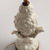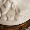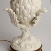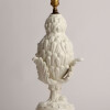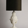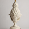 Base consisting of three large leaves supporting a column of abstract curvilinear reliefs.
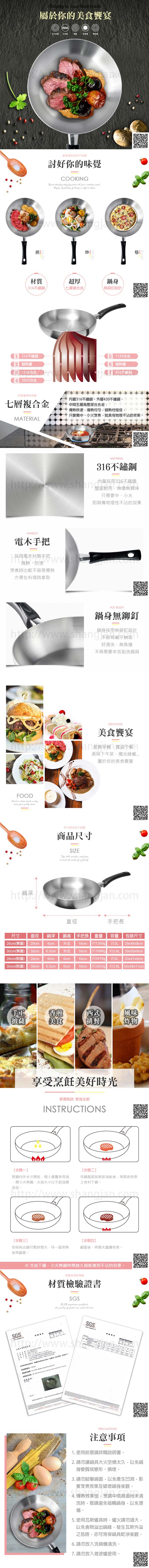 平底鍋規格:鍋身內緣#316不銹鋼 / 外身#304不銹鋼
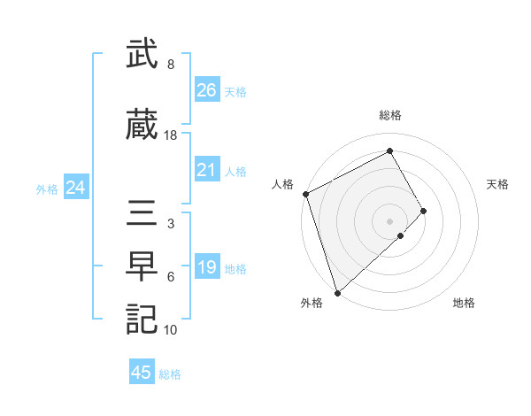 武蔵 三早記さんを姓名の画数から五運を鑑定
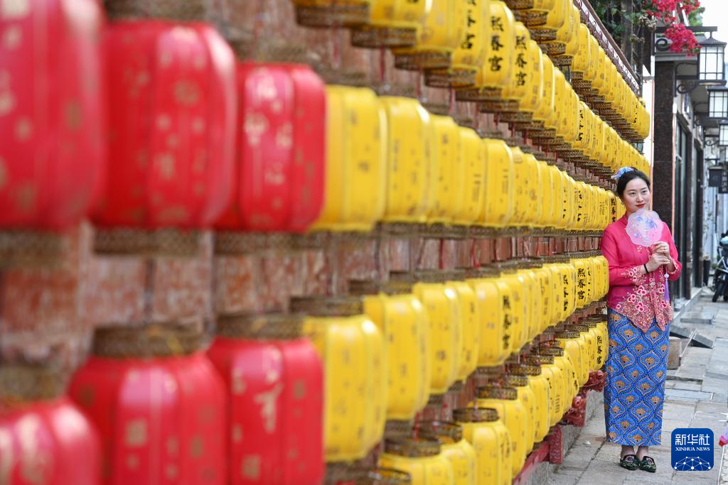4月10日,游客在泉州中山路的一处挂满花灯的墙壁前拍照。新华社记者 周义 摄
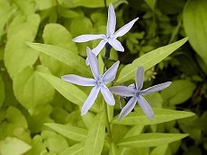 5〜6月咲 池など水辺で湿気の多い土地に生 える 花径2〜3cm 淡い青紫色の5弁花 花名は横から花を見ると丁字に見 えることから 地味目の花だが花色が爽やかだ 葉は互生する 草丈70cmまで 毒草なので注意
..............................
Required work >>
Exactly the lines from the top of the entries through the line with "4月10日,游客在泉州中山路的一处挂满花灯的墙壁前拍照。新华社记者 周义 摄", inclusive, must be given again, with every picture omitted.

Solution for this problem >>
 Base consisting of three large leaves supporting a column of abstract curvilinear reliefs.
 平底鍋規格:鍋身內緣#316不銹鋼 / 外身#304不銹鋼
 武蔵 三早記さんを姓名の画数から五運を鑑定
4月10日,游客在泉州中山路的一处挂满花灯的墙壁前拍照。新华社记者 周义 摄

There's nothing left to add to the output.